The interpolation trap is the phenomenological and epistemological error produced when sophisticated combinations within the convex hull of existing knowledge are mistaken for genuine discovery outside it. The trap operates through surface features — fluency, coherence, the feeling of pieces fitting together — that trigger the human reward circuits associated with comprehension, regardless of whether the underlying content is genuinely novel or structurally hollow. Because next-token prediction is optimized for exactly these surface features, AI output systematically passes through the selective retention filter without activating it. The user feels the satisfaction of insight. The insight may or may not exist. The difference is invisible from inside the collaboration and detectable only by a retention function calibrated by deep domain expertise.
Edo Segal's Deleuze error — described in The Orange Pill — is the canonical illustration. Claude produced a passage connecting Csikszentmihalyi's flow to Deleuze's concept of smooth space. The passage was elegant, syntactically fluent, rhetorically effective. It was also philosophically wrong in a way invisible to anyone who had not read Deleuze and devastatingly obvious to anyone who had. The passage conformed to the patterns of how philosophical arguments are typically constructed in the training corpus. The pattern was correct. The content was not.
The trap has a recursive structure. Each interpolation mistaken for discovery reduces the user's motivation to engage in the slow, costly process of genuine blind exploration — because the feeling of discovery is already being provided. The user's selective retention function, calibrated by the feeling rather than by the reality, becomes progressively less able to distinguish the two. The trap deepens with use.
Simonton's three criteria for creative output — originality, utility, and surprise — help diagnose the trap. AI-generated output routinely satisfies the first two. The specific combination may not have appeared before; the output may be useful. But surprise in Simonton's sense — genuine departure from prediction that reconfigures the evaluator's understanding of the possibility space — is the criterion the trap systematically undermines. The evaluator's surprise is a function of limited knowledge, not a function of the output's novelty relative to the aggregate of human knowledge.
The trap compounds aesthetics of the smooth with epistemological risk. Byung-Chul Han's concern about smoothness as cultural aesthetic becomes, in Campbell's framing, an epistemological crisis: smoothness is the surface signature of interpolation, and a civilization that optimizes for smoothness selects systematically against the roughness that signals genuine novelty.
The interpolation trap synthesizes Campbell's framework with observations from cognitive psychology on fluency heuristics (Schwarz, Reber) and philosophy of mind on the phenomenology of understanding (Dennett, Chalmers). The specific framing emerged in AI safety research on deceptive alignment and hallucination detection around 2023-2025.
The Deleuze error that Edo Segal reports in The Orange Pill is not unique; similar cases have been documented across law, medicine, and academic writing, where AI-generated citations and arguments exhibit surface plausibility with substantive hollowness. The pattern is structural, not incidental.
Smoothness is the signature of interpolation. Outputs that conform to the statistical patterns of the training data will be fluent, coherent, and plausible — whether or not they are true.
Surprise-to-the-user is not surprise-to-knowledge. The user's reaction measures the gap between her knowledge and the model's, not the gap between the output and the aggregate of human understanding.
The reward circuits are triggered by surface features. The feeling of insight evolved to signal genuine comprehension but is activated by fluency regardless of substance.

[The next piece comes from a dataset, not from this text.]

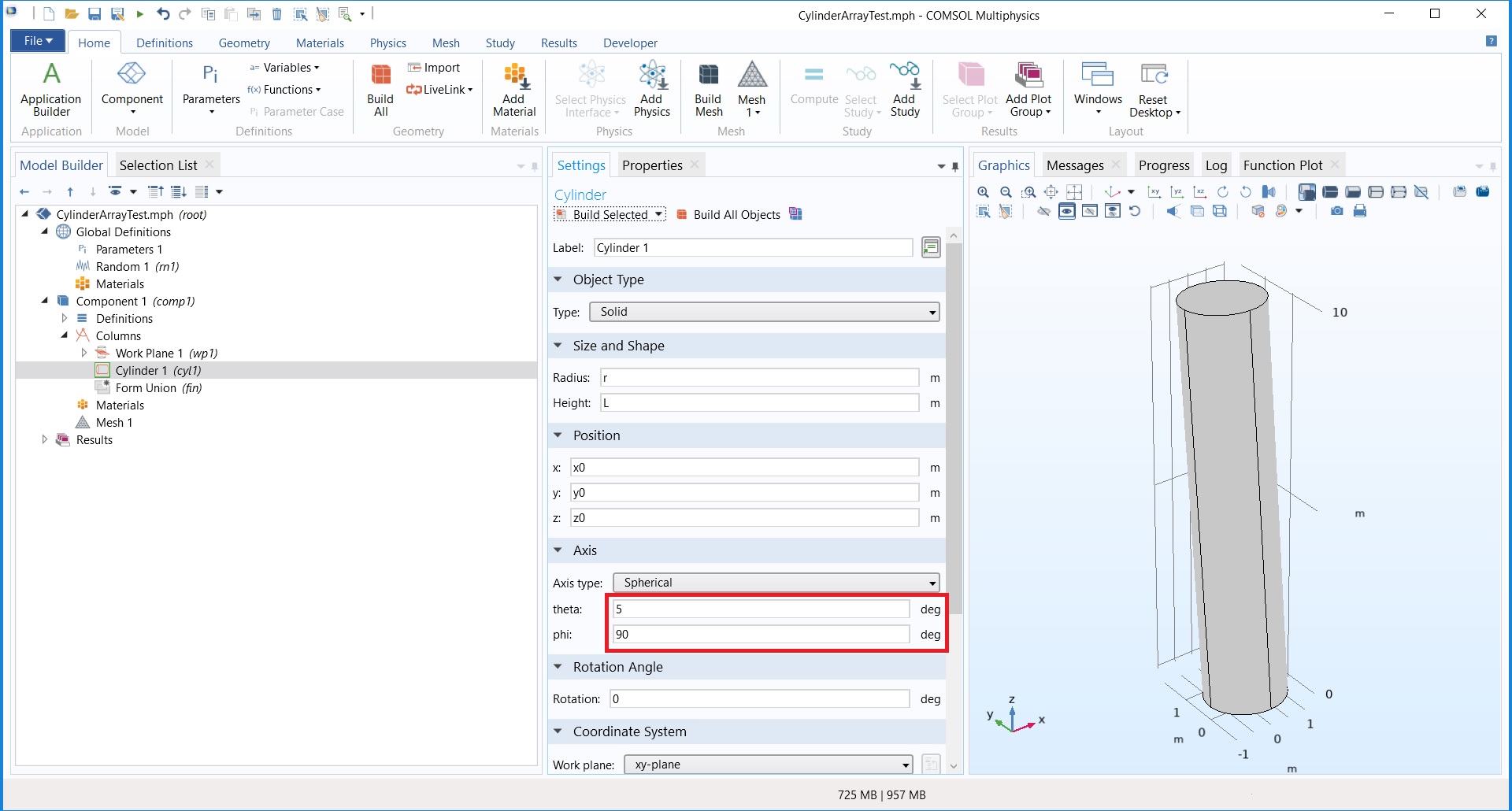 Randomise theta and phi angles of column geometry?

The trap is self-reinforcing. Each interpolation mistaken for discovery reduces motivation for genuine blind exploration, degrading the retention function that would otherwise detect the substitution.

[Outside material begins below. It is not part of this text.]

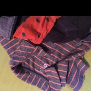 1 orange & gray jersey polo, 1gray with orange accents fleece zipper vest jacket, 1 pair of gray fleece pants, 1 orange long sleeved onsie with footballs on it.

Only deep domain expertise detects the trap. Detection requires a retention function calibrated by the specific patterns of the domain — the very calibration that AI-mediated work may erode.

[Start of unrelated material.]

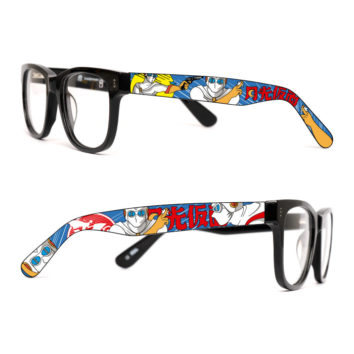 El Capitán Centella con gabardina blanca, gafas y scarf al viento viaja contigo en estas gafas de rojo azul y onomatopeyas japonesas. Vibra retro de serie clásica que funciona en oficina, calle o maratón de nostalgia. Ritmo ágil, pose heroica y enfoque firme para tu día a día.

Defenders of AI's creative capabilities argue that the trap is real but soluble through better prompting, multi-step reasoning, or retrieval-augmented generation. Skeptics respond that these techniques operate within the same probability distributions and therefore within the same convex hull — the trap may be narrowed but not escaped. The deeper question is whether the human evaluator can reliably detect the difference between sophisticated interpolation and genuine extrapolation — a question that depends on domain expertise that AI-mediated work may simultaneously require and erode.